◆ Task requirements: Pictures are to be excluded. Please print only the lines from the one containing "Die Warntafel ist" through the end of the data, exactly as they appear.

◆ Study material:
■ ■ ■ ■ ■ ■ ■
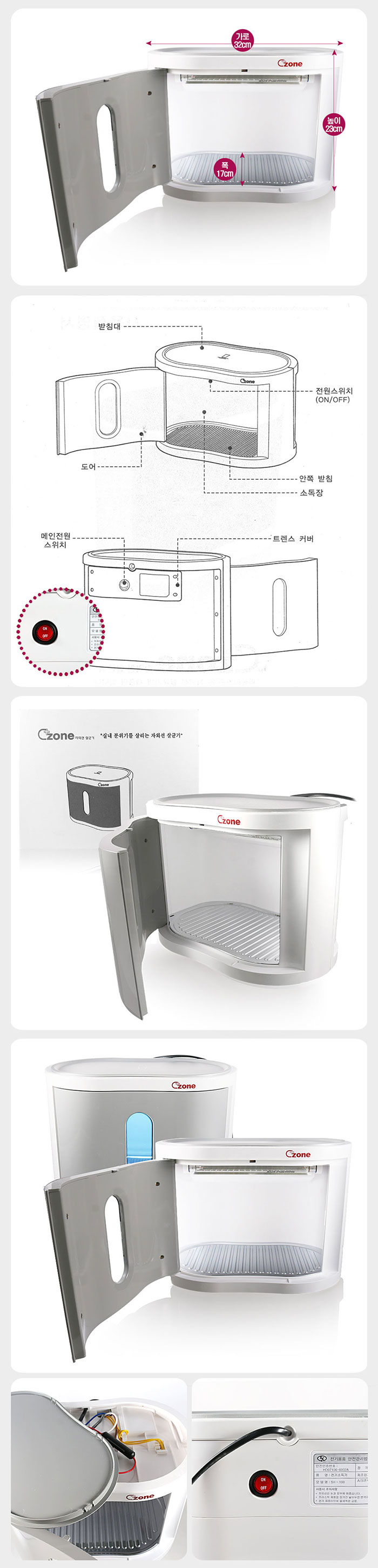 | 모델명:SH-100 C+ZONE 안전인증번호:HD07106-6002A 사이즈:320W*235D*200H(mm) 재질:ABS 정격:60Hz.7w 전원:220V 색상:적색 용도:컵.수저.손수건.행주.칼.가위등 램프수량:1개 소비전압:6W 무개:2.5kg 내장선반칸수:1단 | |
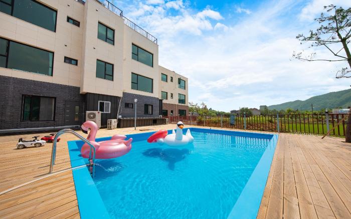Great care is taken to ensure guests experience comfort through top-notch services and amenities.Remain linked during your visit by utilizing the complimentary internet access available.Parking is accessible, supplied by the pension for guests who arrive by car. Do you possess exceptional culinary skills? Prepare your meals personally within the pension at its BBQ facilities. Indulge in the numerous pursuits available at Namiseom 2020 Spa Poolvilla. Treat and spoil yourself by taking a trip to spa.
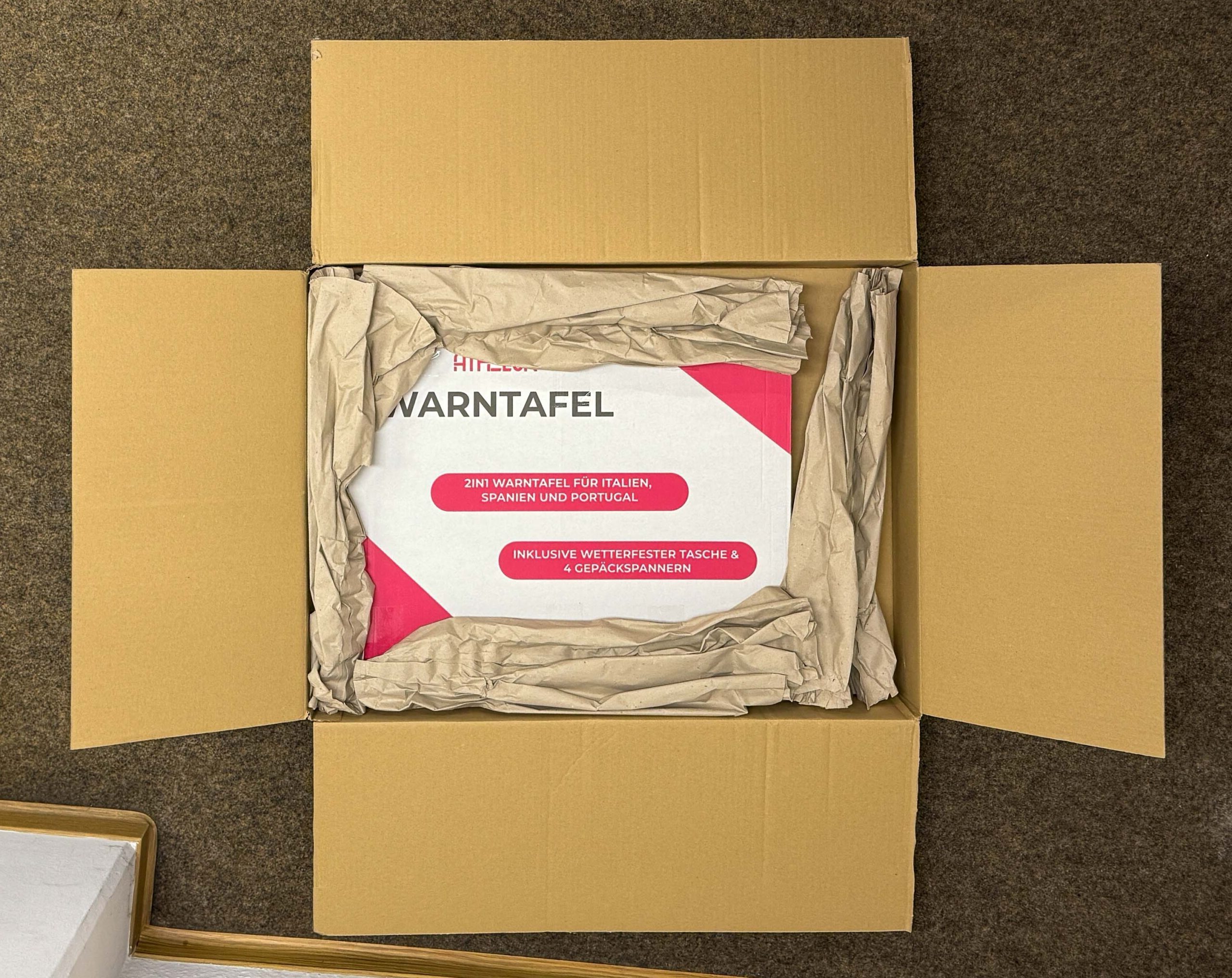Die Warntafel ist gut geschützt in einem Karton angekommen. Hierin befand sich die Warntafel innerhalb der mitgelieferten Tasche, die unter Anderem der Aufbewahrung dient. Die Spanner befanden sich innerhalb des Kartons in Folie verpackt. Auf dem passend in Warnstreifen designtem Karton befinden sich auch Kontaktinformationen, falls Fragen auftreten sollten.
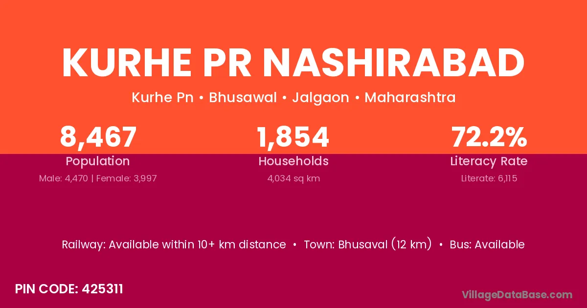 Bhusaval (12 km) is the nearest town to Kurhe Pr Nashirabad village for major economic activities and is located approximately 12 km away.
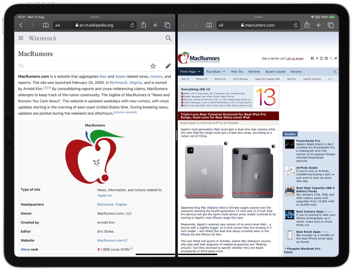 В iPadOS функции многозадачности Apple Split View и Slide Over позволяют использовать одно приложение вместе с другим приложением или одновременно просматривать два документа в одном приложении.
■ ■ ■ ■ ■ ■ ■
◆ Response to the exercise:
Die Warntafel ist gut geschützt in einem Karton angekommen. Hierin befand sich die Warntafel innerhalb der mitgelieferten Tasche, die unter Anderem der Aufbewahrung dient. Die Spanner befanden sich innerhalb des Kartons in Folie verpackt. Auf dem passend in Warnstreifen designtem Karton befinden sich auch Kontaktinformationen, falls Fragen auftreten sollten.
 Bhusaval (12 km) is the nearest town to Kurhe Pr Nashirabad village for major economic activities and is located approximately 12 km away.
 В iPadOS функции многозадачности Apple Split View и Slide Over позволяют использовать одно приложение вместе с другим приложением или одновременно просматривать два документа в одном приложении.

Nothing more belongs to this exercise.